Zubba. s. f. e add. V. agresta.

Zubbi. V. garufi. || E Mal. V. musuluchi.

Zubbia. V. subbia e simili.

Zubbibbu. V. zibbibbu.

Zùbbiu. s. m. Luogo di grande profondità fra valli e burroni, voragine: baratro. || Incavo sotto i palmenti per dove cola il mosto. Forse dal Lat. sub eo. || Fossa grande, per sepoltura: carnajo. || essiri jittatu ’ntra lu zubbiu, fig. trovarsi in istato lagrimevole senza speranza di migliorare.

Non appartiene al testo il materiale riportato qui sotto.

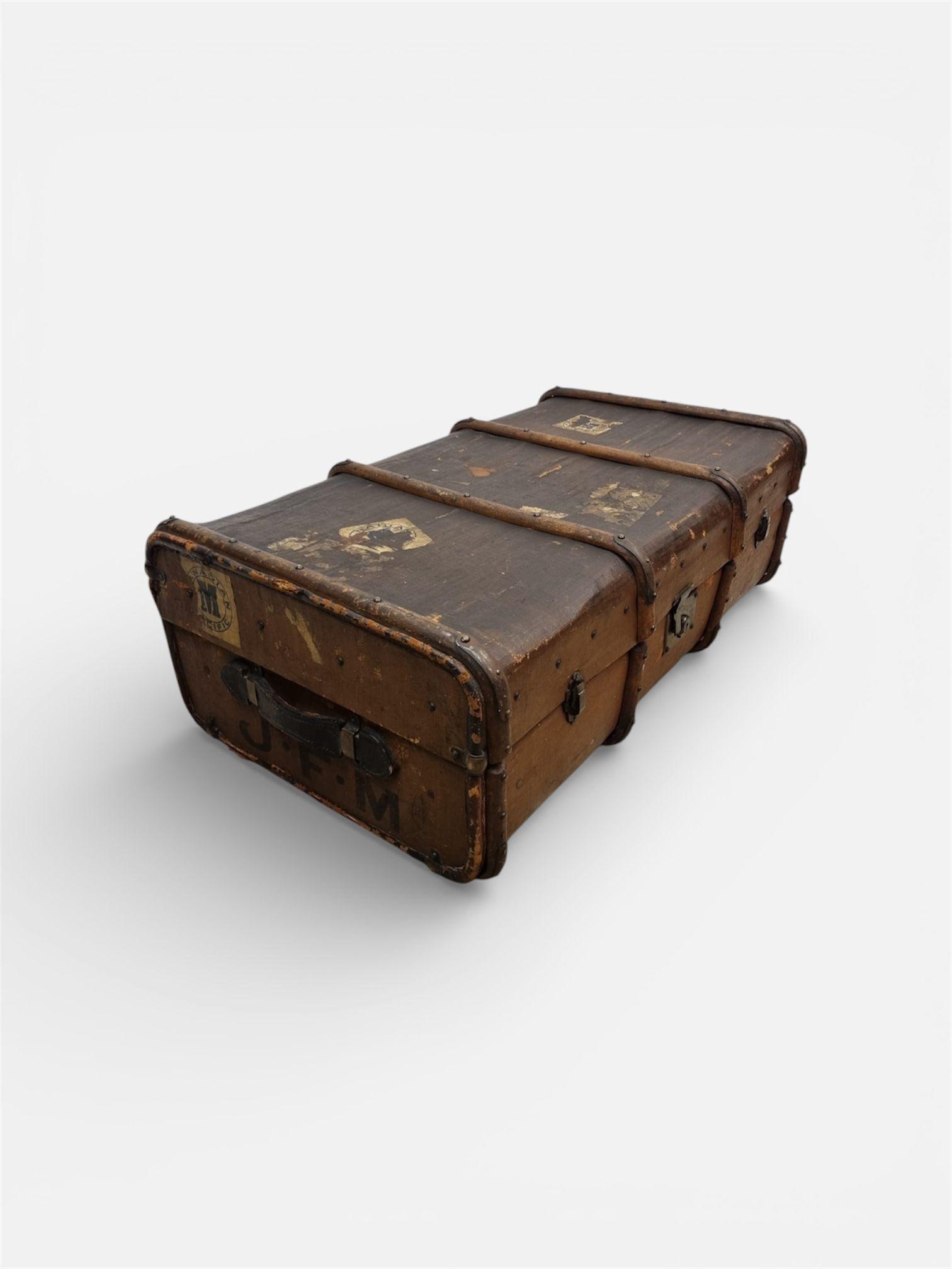 A characterful vintage travel trunk dating from the early 20th century, retaining its original emblems, fittings and straps.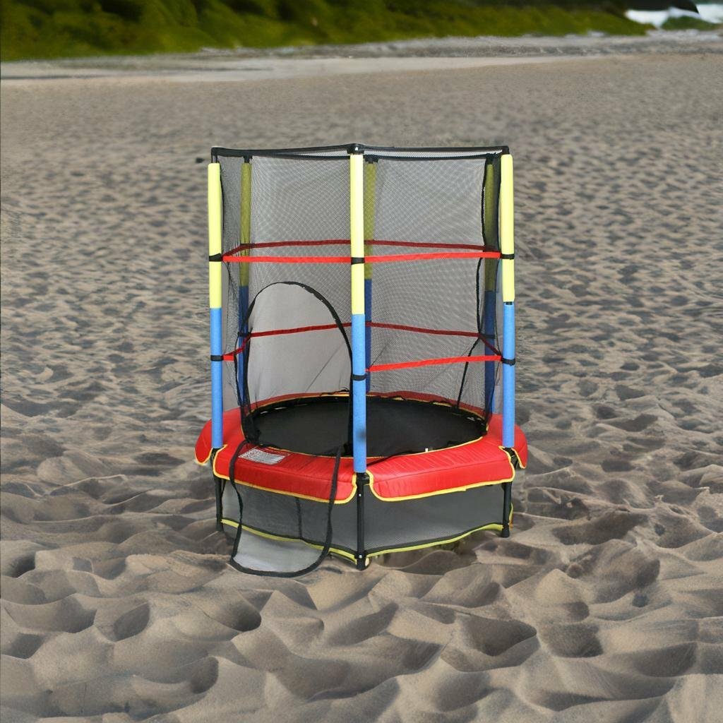 Купить Батут каркасный детский, с защитной сеткой, красный, диаметр 140 см

Zubbu. V. cazzu (Mal.). || add. V. agrestu, o virdi: immaturo.

Zucari. V. sucari. A Messina.

Zuccanu. V. zaccanu.

Zuccararu. s. m. Chi fa o vende zucchero.

Zuccarateddu. dim. di zuccaratu.

Zuccaratu. add. Dolce condito di zucchero: zuccherato. || Per grazioso, bellino.

Zuccareddu. dim. di zuccaru. || essiri un zuccareddu, essere molto bello o grazioso. || Per zucchiceddu V.

Zuccarera. s. f. Vaso dove tiensi lo zucchero; zuccheriera.

Zuccaridduzzu. dim. e vezz. di zuccareddu.

Zuccarina. s. f. add. Uva di chicchi compatti, dolce a mangiarsi.

Zuccarinu. add. Di pere o pomi di sapore dolce: zuccherino.

Zuccarruni. V. zamparruni (Da zuccu).

Zuccaru. s. m. Materia dolce nota: zùcchero (A. V. ital. in Cecco Angiolieri: zuccaro). || Quasi come add. per dire, buono, bello, caro, vezzoso. || essiri un zuccaru, essere molto grazioso. || – ’n campana, ’m pani, raffinato e ridotto a forme: zucchero in pani. || duci comu lu zuccaru, voce di paragone: dolce come lo zucchero. || essiri ’na pasta di zuccaru, dicesi di uomo di ottime qualità: essere una pasta di zucchero. || Prov. zuccaru nun guasta bevanna, le cose buone non son mai disgradite: zucchero non guastò mai vivanda.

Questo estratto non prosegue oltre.